No entanto, se a prata coloidal é feita a partir de sais de prata por redução química, (como os produtos de nível elevado são ppm) vestígios de sais de prata pode permanecer.
Embora a prata metálica seja não-tóxica para os mamíferos, sais de prata são venenosas por causa dos catiões associados, e pode resultar em argyria , ou seja, outros compostos ou sais presentes na água..
Além disso, quando a prata coloidal é feita pelo processo eletrolítico e sal ou sal marinho é adicionado, sais de prata vão ser produzidos, bem. Apesar de, em caso de emergência, seria sábio fazer sua própria água de prata com técnicas previamente dadas pelo Dr. Beck, para uso a longo prazo todos exposição a sais de prata deve ser evitada. Deve-se usar apenas água destilada pura e a prata, compostos de sais aditivados deve-se ser usado somente por pessoas conhecedoras do processo e profissionais habilitados.
O uso de sal de cozinha (cloreto de sódio) irá produzir algum cloreto de prata. Isto é indesejável, e embora a quantidade de cloreto de prata é limitada por esta solubilidade em água fria a 89 PPM (6), isto é ainda uma quantidade significativa de composto de prata comapared com o montante na própria coloide (5 a 10 ppm).

O uso do sal do mar que muitas pessoas recomendam é especialmente preocupante. O sal marinho contém muitos compostos, incluindo vários nitratos e flúor. Muitos dos compostos podem combinar-se com prata para produzir compostos de prata. Especificamente prata pode combinar com nitratos formando um sal de nitrato de prata altamente solúvel e tóxico e com fluoreto de produzir fluoreto de prata altamente solúvel e tóxico. Nitratos com sal marinho pode chegar ao máximo de 20 ppm, e fluoretos são tipicamente 40 ppm (7).
Por conseguinte, a prata coloidal deve ser feita com água destilada pura para evitar a formação de quaisquer compostos de prata tóxicos. Se se deve utilizar um agente acelerador, em seguida, adicionando uma pequena quantidade de prata coloidal previamente produzido é recomendado, sobre a adição de qualquer tipo de sal.

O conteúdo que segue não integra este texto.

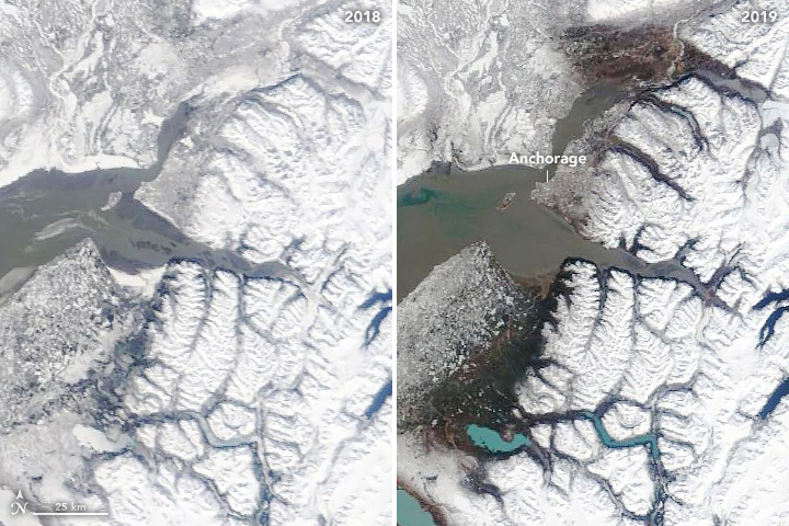 While the north and northwest parts of the state were wetter than usual, other parts were unusually dry. These natural-color images, acquired with MODIS on NASA’s Terra satellite, show Anchorage on March 30, 2018 (left), and March 30, 2019 (right). According to reports, March 2019 is only the second time on record that there was no measurable snowfall in Anchorage during the month.
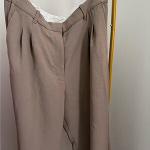 These Aritzia wide-leg pants in a sophisticated gray hue offer a minimalist design with a relaxed fit. The full-length cut and smooth fabric create an elegant drape, perfect for professional or formal settings.
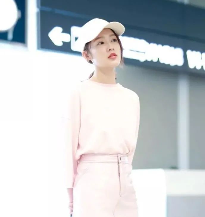 再看看李沁这一身甜美粉色长袖T恤+粉色漆皮裙,简单又随性。

Eficácia versus tamanho de partícula

Várias publicações indicam que para a absorção através da parede do estômago, as partículas devem ser 0,015 micron (15 nm) ou menor. Tradicionalmente, o tamanho de partícula foi determinado por microscopia electrônica. Esta técnica é bastante lento e tedioso, resultando num processo que é tanto lenta e imprecisa. A banda de absorção de coloides de prata aumenta em comprimento de onda, como o tamanho das partículas aumenta. Isto permite uma medição qualitativa sobre as dimensões das partículas em um coloide por utilização de um photospectrometer digitalização. Prata iônico tem uma banda de absorção no UV, e portanto, é praticamente claro. À medida que mais átomos de agregar em uma partícula, a banda de absorção se move da uv para o violeta, azul, verde, amarelo, laranja e vermelho.

Uma vez que a cor de uma substância é o complemento da cor absorvida, a prata coloidal vai passar de claro a muito leve amarelo, ouro, alaranjado, vermelho, azul e verde. (CC) p 65. Os coloides que contêm uma vasta gama de tamanhos podem absorver comprimentos de onda no espectro resultante em castanho e preto. É geralmente aceite que apenas clara de coloides de prata luz ouro possua partículas de tamanho suficientemente pequeno para serem eficazes, e para ser capaz de atingir a corrente sanguínea.

É nesse processo que as bactérias são mortas pela prata ionizada, carregada positivamente pela eletricidade e todos esses detalhes que passam desapercebidos de todos na produção da prata coloidal com água pura e destilada, que muitos não gostam , mas é assim que deve ser, pela configuração da fonte relativo a amperagem para que se possa produzir partículas de tamanho adequado para serem absorvidas para a corrente sanguínea sem danificar as bactérias intestinais, sobre a dosagem e o início do tratamento para que o organismo não se sature de patogênicos mortos, enfim, detalhes importantes que ninguém da importância e nós tentamos chamar sua atenção para eles.

Por isso seja responsável ao fazer e ao usar, pergunte, estude e leia muito.